Cookie that was a great range. Almost perfect for a state championship. I know it was out of your hands just wish it could have went faster. It was after 10:00 before I got home. Wene it take's over 5 hours to shoot that is to much. I hope that they have this shoot with your club next year. There is no better place in the state for a state championship shoot.


----------



## Barn Burner2 (May 25, 2011)

I thought the range was great. Very well set. It was a nice mix off distances and no small targets at 44 yards and things like that. I drove 3 hours to get there and would do it again for the same course. This was my first state shoot outside of Indiana and I have to say that this was put together so well compared to what I have shot in the past.


----------



## asa_low12 (Mar 15, 2008)

Bowdigger said:


> Cookie that was a great range. Almost perfect for a state championship. I know it was out of your hands just wish it could have went faster. It was after 10:00 before I got home. Wene it take's over 5 hours to shoot that is to much. I hope that they have this shoot with your club next year. There is no better place in the state for a state championship shoot.
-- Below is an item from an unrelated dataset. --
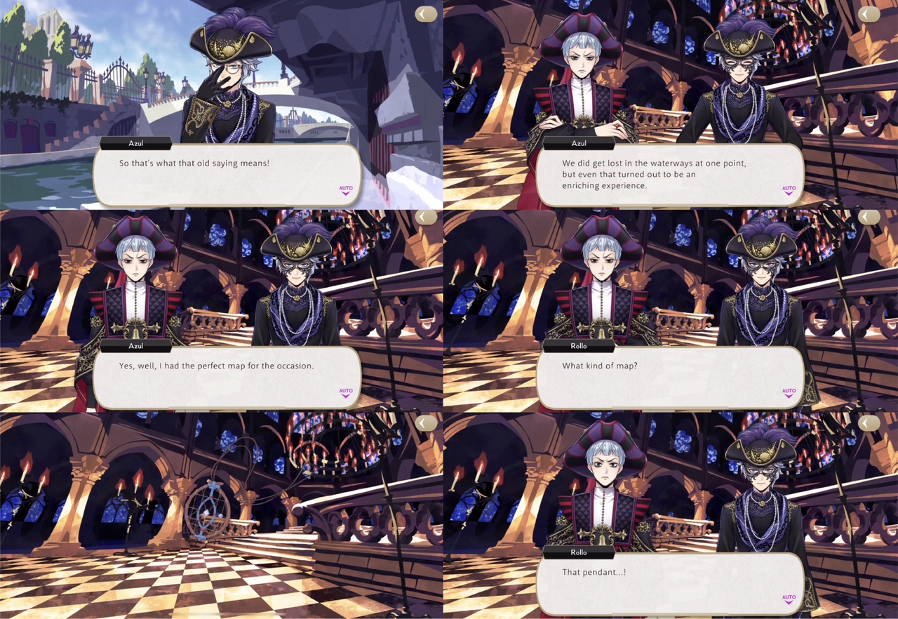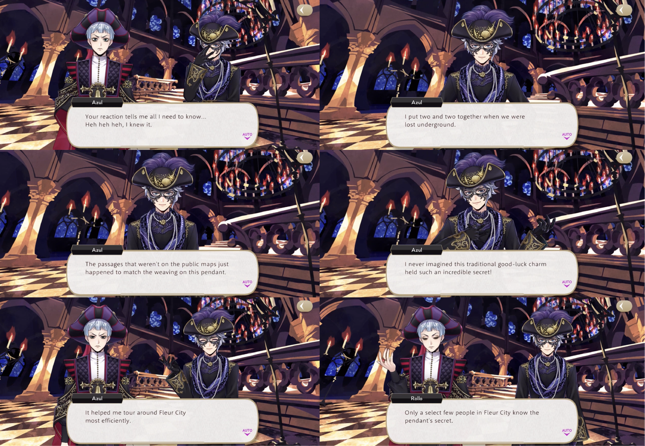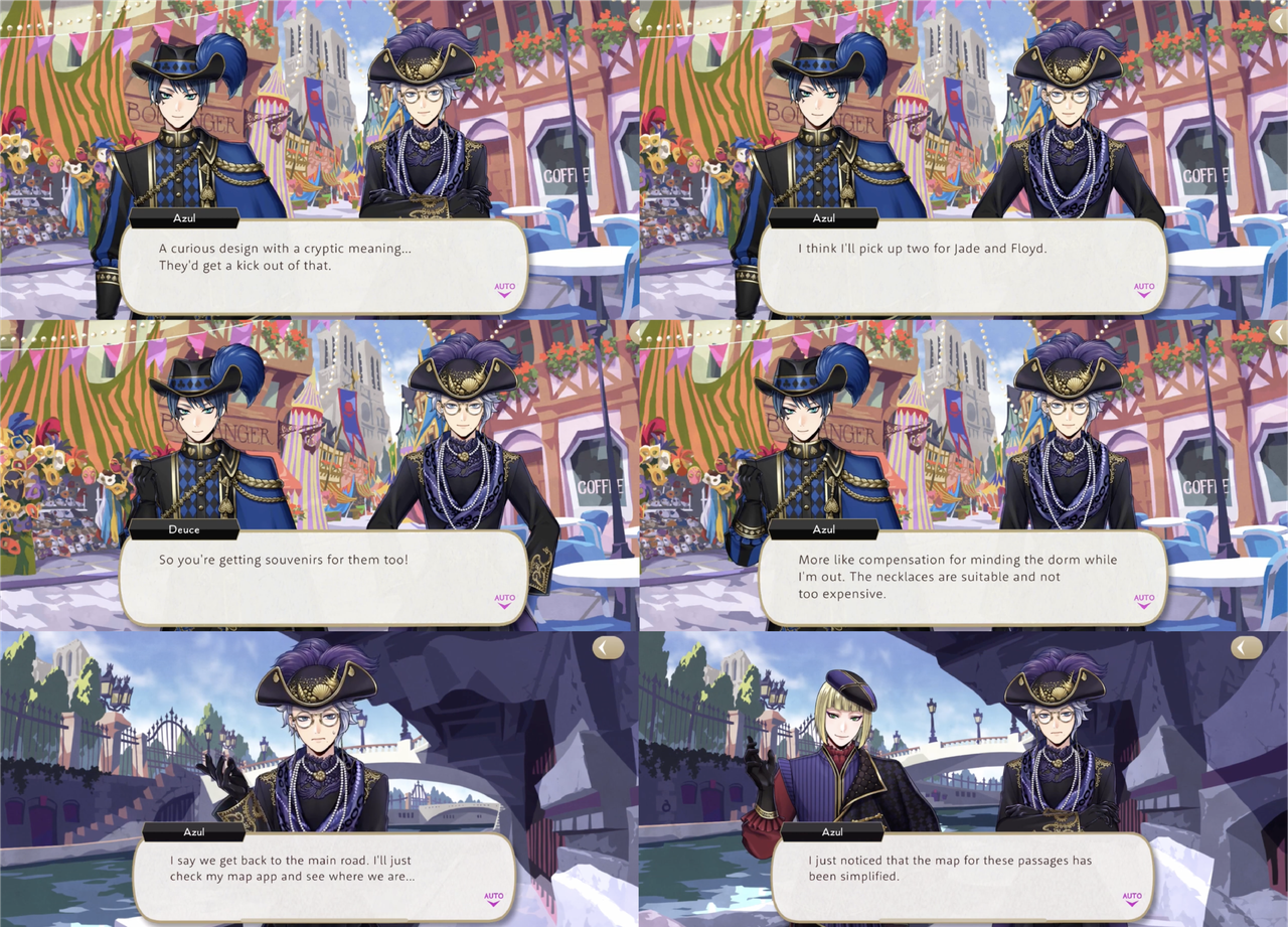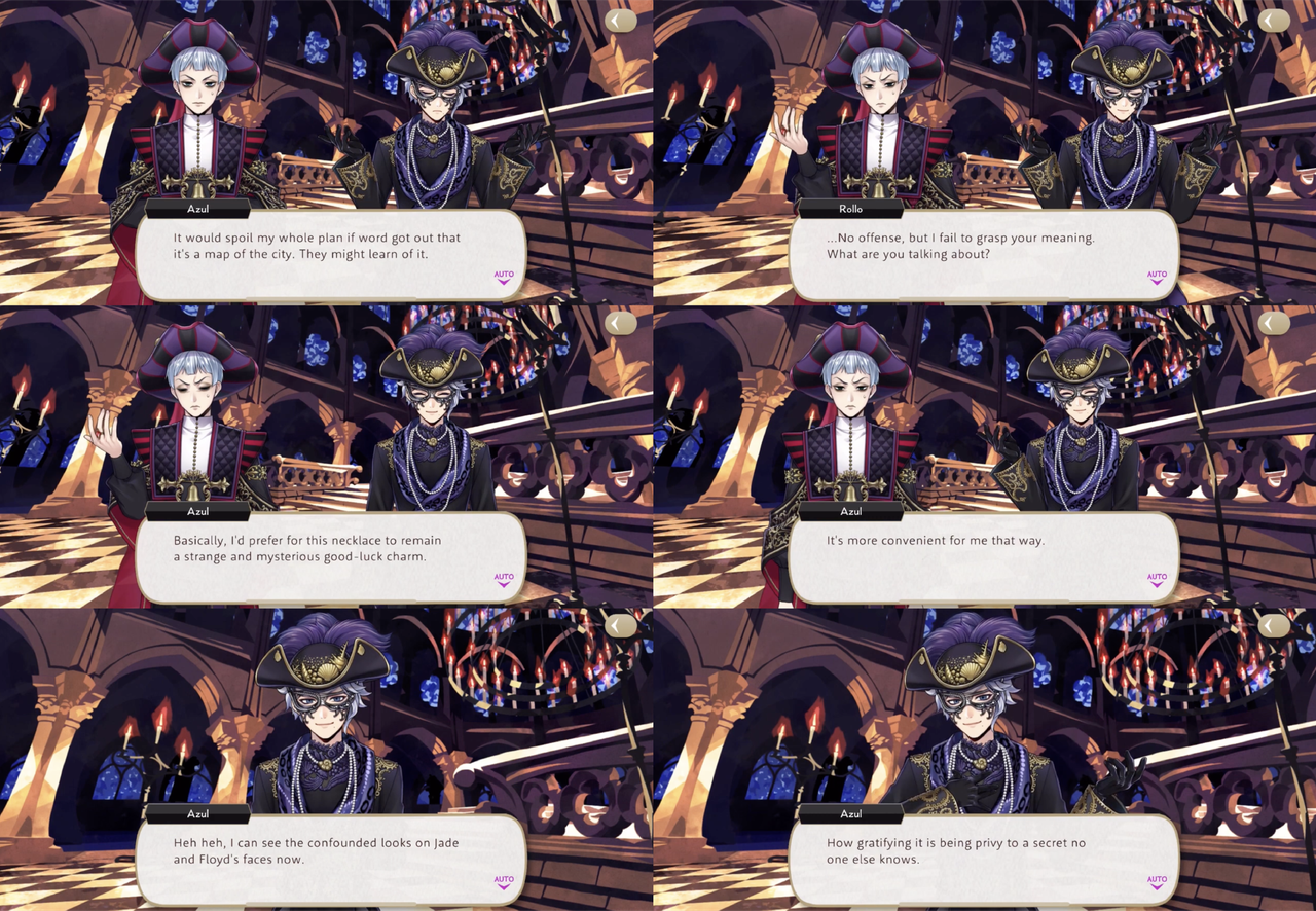 Azul picks up a pair of necklaces with “a curious design with a cryptic meaning” during the Glorious Masquerade event, but when Deuce asks if they are souvenirs Azul says, “More like compensation for minding the dorm while I’m out. The necklaces are suitable and not too expensive.”

I agree. Venue is central and can't get any better. I wasn't there Sunday but 20 targets would probably be better in late July. Shoot was top notch though.


----------



## LadyCamo (Jul 14, 2009)

Does anyone have the scores for OKLAHOMA STATE TOURNAMENT?


----------



## Daniel Boone (May 31, 2002)

LadyCamo said:


> Does anyone have the scores for OKLAHOMA STATE TOURNAMENT?


Scores can be found here. We post are info in the regional shoots section where the tournament is listed.


http://www.trosperarchery.com/index.php?page=modules/pages/index&id=15


----------



## Cookiearcher (Apr 19, 2010)

Thanks for all the postive comments. I was trying to get ideas for regular club shoots on how to set the range to help get numbers up. All club shoots are 20 targets with one bonus target. So I didn't like the idea of setting nine more either. I will try to set club shoots comprable to that range as long as everybody was happy with it. The main good thing that come out of this is central is now a all mckenzie club.


----------



## Wrench22 (Dec 9, 2010)

that bowshoot in LA,west monroe was alsome i got 9th in the country


----------



## Wrench22 (Dec 9, 2010)

i got a hoyt ruckuss and its a good hunting bow and i killed a MONSTER ELK!!! 


ps. i did a good gob at the last bowshoot


----------